Wide string and character literals, i.e. literals prefixed by 'L', are encoded as UTF-16 (after translation from the encoding used by the source file) by C/C++ compilers targeting the Windows platform. The TEXT macro, and its shorter synonym _T, add the 'L' prefix to the literal if UNICODE is defined, otherwise not.
For example:
void foo(HWND w)
{
SetWindowTextA(w, "Færøyene"); // ANSI version
SetWindowTextW(w, L"Færøyene"); // UTF-16 version
SetWindowText(w, TEXT("Færøyene")); // Agnostic version
SetWindowText(w, _T("Færøyene")); // Agnostic version; less verbose alternative
}
Since Windows 10 version 1903 (May 2019 Update), the operating system now also supports an ANSI code page for UTF-8, allowing you to use narrow Unicode strings encoded in UTF-8.
void foo(HWND w)
{
SetWindowTextA(w, u8"Færøyene"); // ANSI UTF-8 code page
SetWindowTextA(w, "Færøyene"); // The "u8" prefix can be dropped, if the execution character set is set to UTF-8 in the compiler.
}
For more information about Unicode in Windows, see Working with Strings and Unicode in the Windows API in the Windows Development Reference. The MSDN article Globalization Step-by-Step is also a useful introduction to the topic.
Setting the active ANSI code page to UTF-8 allows you to use the good old ANSI build mode and narrow strings for your OWLNext applications and still be able to use Unicode. However, if you rely on this code page, you can then only deploy your applications on Windows 10 version 1903 or later. Also, note that OWLNext will not work out of the box with UTF-8. You will have to make further changes to your OWLNext application to make it work with UTF-8. In particular, you have to explicitly set fonts with UTF-8 support enabled, and you may have to modify or replace any component that does string processing, so that it works properly with the UTF-8 encoding.
For information on how to activate the UTF-8 code page, see "Use the UTF-8 code page" in the Windows documentation.
A big issue when using the UTF-8 code page, is that GDI text functions will not use it by default. The code page used by GDI text functions is determined by the currently selected font. In particular, the LOGFONT::lfCharset property of the font must be set to the undocumented value 254 to interpret strings as UTF-8 encoded (see Ted's Blog). Additionally, the selected font must of course support all the characters needed in the Unicode character set (some fonts only have a limited range of characters).
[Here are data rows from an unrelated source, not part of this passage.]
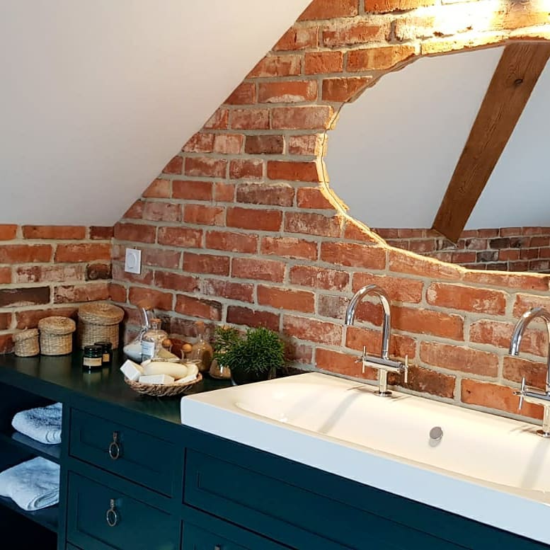 Brique pour le mur de forme rectangulaire, récupérée dans de vieux bâtiments. Les origines uniques et la technique de production artisanale rendent chaque pièce unique et légèrement différente, tout en assurant la cohésion de l’ensemble du mur. Grâce à leur design classique et à leurs couleurs naturelles, les carreaux de brique sont intemporels et ne deviennent jamais ennuyeux. Ils ajoutent de la chaleur et de la convivialité aux intérieurs et s’intègrent à de nombreux styles de design différents, notamment traditionnelle, provençale, organique ou industrielle. La brique se distingue par sa texture brute et rustique et par les fragments de mortier et les brûlures visibles sur certaines tuiles.
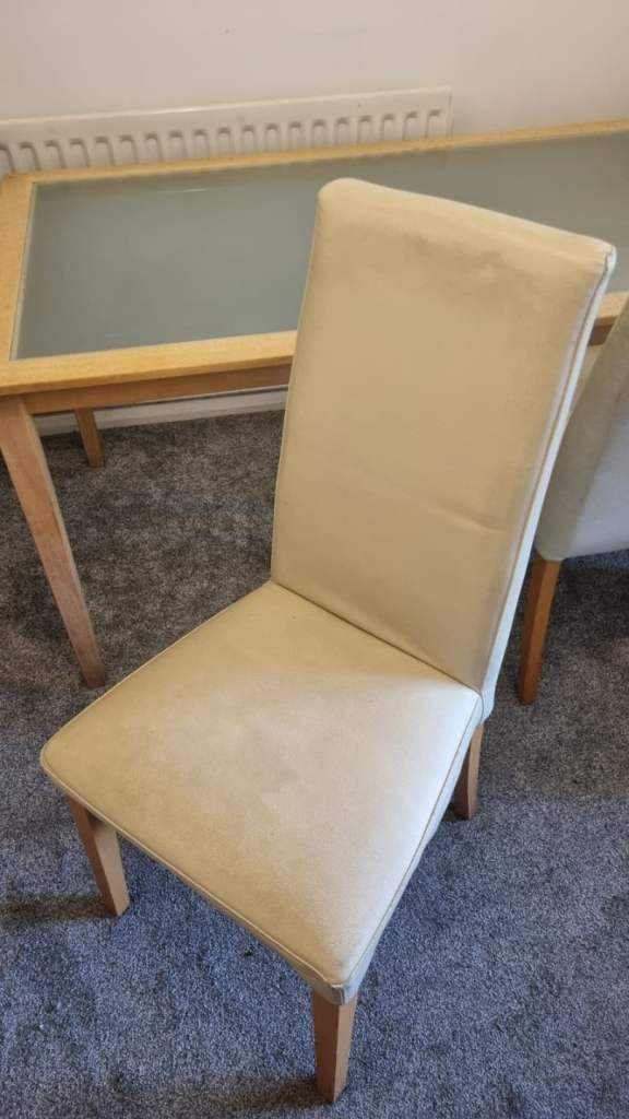 Comes with x4 cairs upholstered with real leather
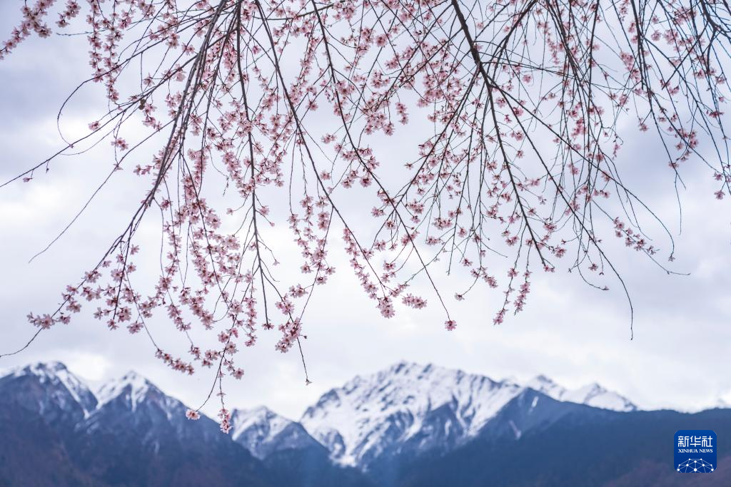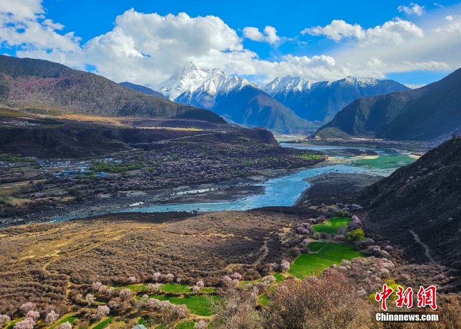 4月1日,西藏林芝市米林市境內的南迦巴瓦峰下,桃花盛開,吸引了眾多游客前來游玩。

enum { UNICODE_CHARSET = 254 }; // Undocumented
// Create a new font with support for UTF-8 enabled.
//
auto f = TFont{"Segoe UI", -10, 0, 0, 0, 400, 0, 0, 0, 0, UNICODE_CHARSET};
// Enable support for UTF-8 for the current window font.
//
auto lf = TFont{GetWindowFont()}.GetObject();
lf.lfCharSet = UNICODE_CHARSET;
SetWindowFont(TFont{lf});
Currently, OWLNext does not know anything about this, so all GDI text drawing done by OWLNext will not support UTF-8 by default. You will have to override the fonts wherever possible, and where not possible, you will have to find alternative solutions (e.g. use owner-drawing, or use a fully custom component, or modify OWLNext).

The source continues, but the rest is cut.